Global prices for uranium have leapt by almost 8%, as Kazakhstan, which accounts for more than 40% of the world’s production, struggles to contain widespread ongoing anti-government protests.
On Wednesday, uranium prices on the international market soared to $45.25 a pound from the $42 recorded the day before, according to data from nuclear fuel market research and analysis firm UxC, as quoted by Bloomberg.
Meanwhile, shares in the nation’s largest producer, Kazatomprom, were reportedly down 11% in London trading.

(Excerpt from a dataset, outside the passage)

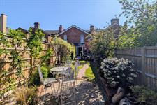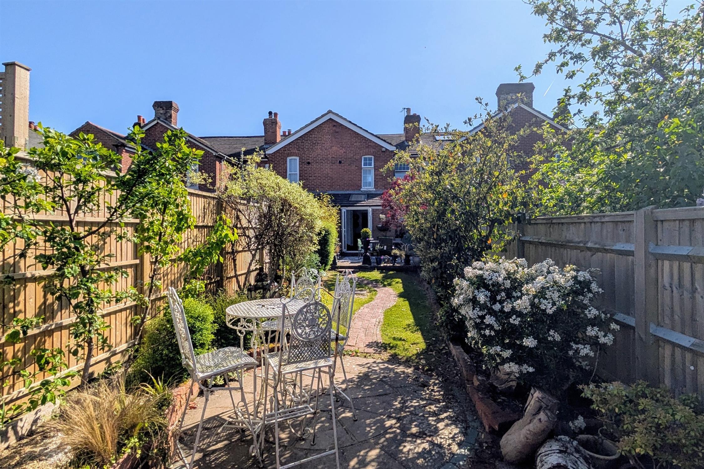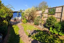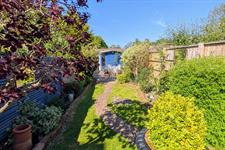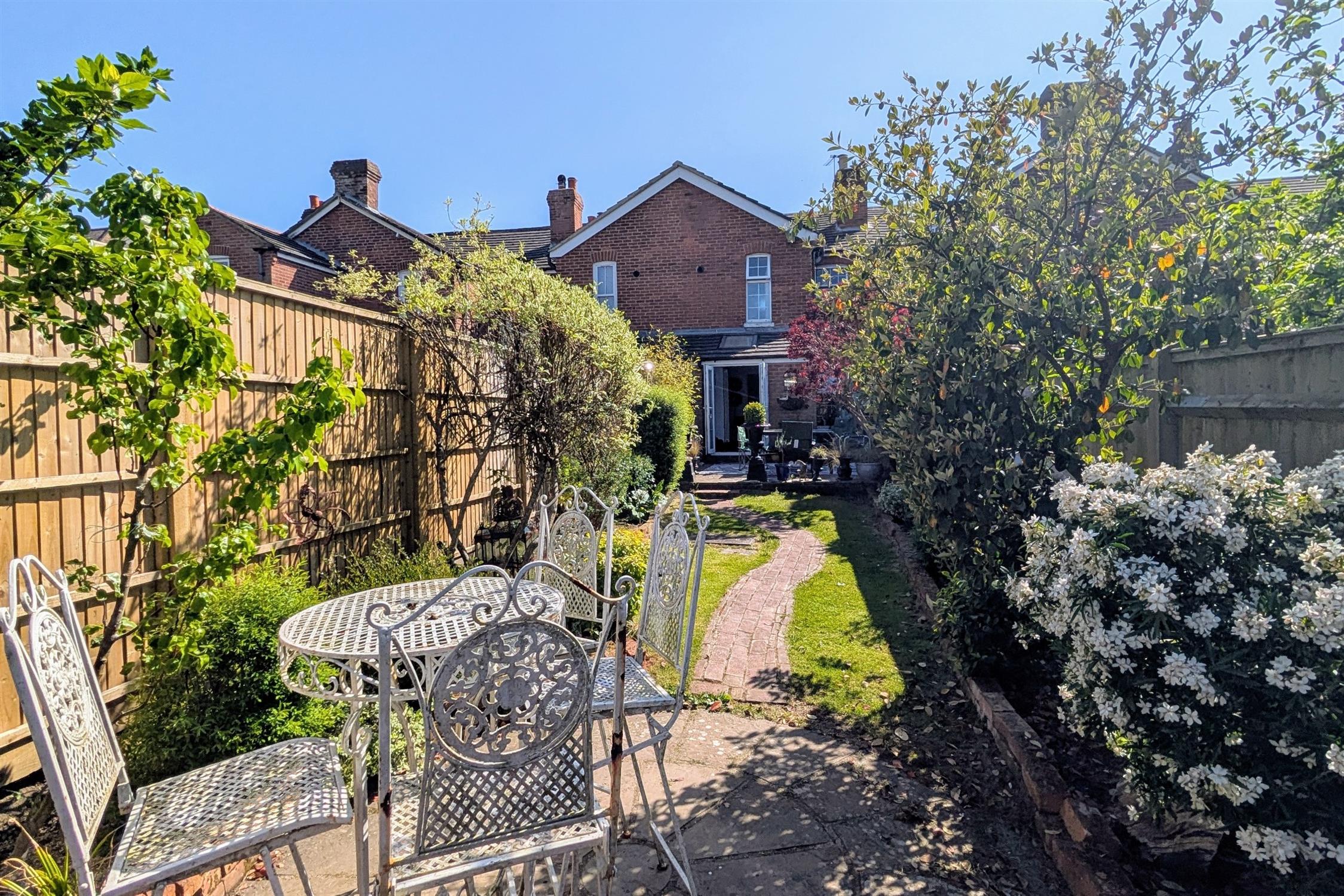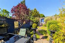 The attractive rear garden has a patio area adjacent to the house. A brick path leads down the garden with well-kept lawns to either side and flower and shrub borders. The path leads to a further patio area and log store. That path continues past the GARAGE and has gated rear pedestrian access which leads to a parking area suitable for two vehicles.

At the same time, most uranium companies in North America and Australia extended the gains they recorded earlier this week, when the European Commission had pushed ahead with a draft to mark certain nuclear projects as sustainable.
A wave of violent protests have rocked the Central Asian nation – which had been part of the former Soviet Union – since Sunday, after a sharp hike in the cost of liquefied petroleum gas that occurred due to the removal of government price controls.
The demonstrators initially took to the streets of Zhanaozen, a town that was established back in the 1960s around a newly discovered oil field, but the rallies soon spread to other Kazakh cities, including the capital, Nur-Sultan, as well as Aktobe, Aktau, and Almaty, the largest metropolis and second capital, among others.
Kazakhstan is one of the world’s major energy powers, being among the top exporters of oil and in the leading 20 for gas. Its government has subsidized liquefied petroleum gas for years, but recently announced that keeping the prices so low had become unsustainable. The lifting of the subsidies inevitably prompted the cost to double in a matter of days.